Tuesday, May 9, 2023

Boeing Jumps on $40B 737 Max Order; Ryanair Bets Big on Postpandemic Travel

Boeing shares jumped on Tuesday after Europe's biggest discount airline, Ryanair, made a $40 billion order for the plane-maker's workhouse 737 Max aircraft amid a massive bet on the strength of the post-pandemic rebound in global travel. 

Ryanair said it would buy as many as 300 737 Max jets, which carry a list price of around $40 billion if the deal is filled to completion. The carrier noted that the deliveries would be phased over a period beginning in 2027 and ending in 2033. 

Ryanair said the deal would enable it to "deliver sustained traffic and tourism growth at lower fares (and lower emissions per flight) across all European countries" as it "continues to lead the post-covid traffic, tourism and jobs recovery."

The order also follows Boeing's recent plans to boost 737 Max production rates to 38 aircraft per month, from the current pace of 31, over the near term. The aerospace giant is looking to meet its goal of generating between $3 billion and $5 billion of free cash flow before the end of the year. 

"The Boeing-Ryanair partnership is one of the most productive in commercial aviation history, enabling both companies to succeed and expand affordable travel to hundreds of millions of people," said Boeing CEO Dave Calhoun. "Nearly a quarter century after our companies signed our first direct airplane purchase, this landmark deal will further strengthen our partnership. "We are committed to delivering for Ryanair and helping Europe's largest airline group achieve its goals by offering its customers the lowest fares in Europe," he added. Boeing shares were marked 2.6% higher at last check following confirmation of the Ryanair orders, to change hands at $202.30 each.

Boeing Deliveries Top Airbus; Order Book Gains 

Last month, Boeing posted delivery figures that topped its main rival, Airbus, for the first time in nearly five years, thanks to a surge in demand for the 737 Max and its wide-body 787 Dreamliner.

Boeing's order book has also seen some impressive gains so far this year, including the first-ever sale of its workhorse 737 Max jets to Japan Airlines late last month.

JAL said it would buy 21 of the narrow-body 737 aircraft, at a list price of around $2.5 billion, with the aim of adding the planes to its expanding fleet by the year 2026.

The deal also represents a major win for Boeing over its European rival, Airbus, which had been courting JAL with its A320neo narrow-body jet.

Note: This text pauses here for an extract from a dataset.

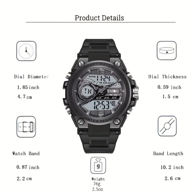 - شاشة رقمية واضحة وكبيرة: استمتع برؤية فائقة للوقت والبيانات بفضل الشاشة الكبيرة والمضيئة بتقنية LED، مما يضمن قراءة سهلة في جميع الظروف الليلية والنهارية.
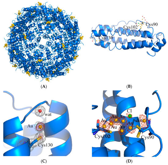 Cartoon representation of the structure of the cage (A) and of the single protein chain (B) of AFhHFt. The gold binding sites are shown in panels (C,D), and 2Fo–Fc and anomalous electron density maps are contoured at 1.0 σ (grey) and 3.0 σ (red), respectively.

Boeing has received commitments for the sale of more than 200 787 Dreamliners over the past two months. Those include a $37 billion deal with Saudi Arabia in March and a long-reported deal to sell nearly 300 jets to Air India, Asia's largest commercial carrier.

Boeing's commercial airplane backlog was pegged at 4,200 aircraft, with a value of around $291 billion, at the end of March, the company said on April 27. That day it posted a wider-than-expected-first quarter loss of $1.27 per share, as revenue rose 28% from a year earlier to $17.92 billion.

"Our customers are seeing record booking volumes and very strong forward yields for late spring and summer to the point of being able to offset sharply higher fuel prices, and they're also highlighting the return of business travel," Calhoun told investors late last month.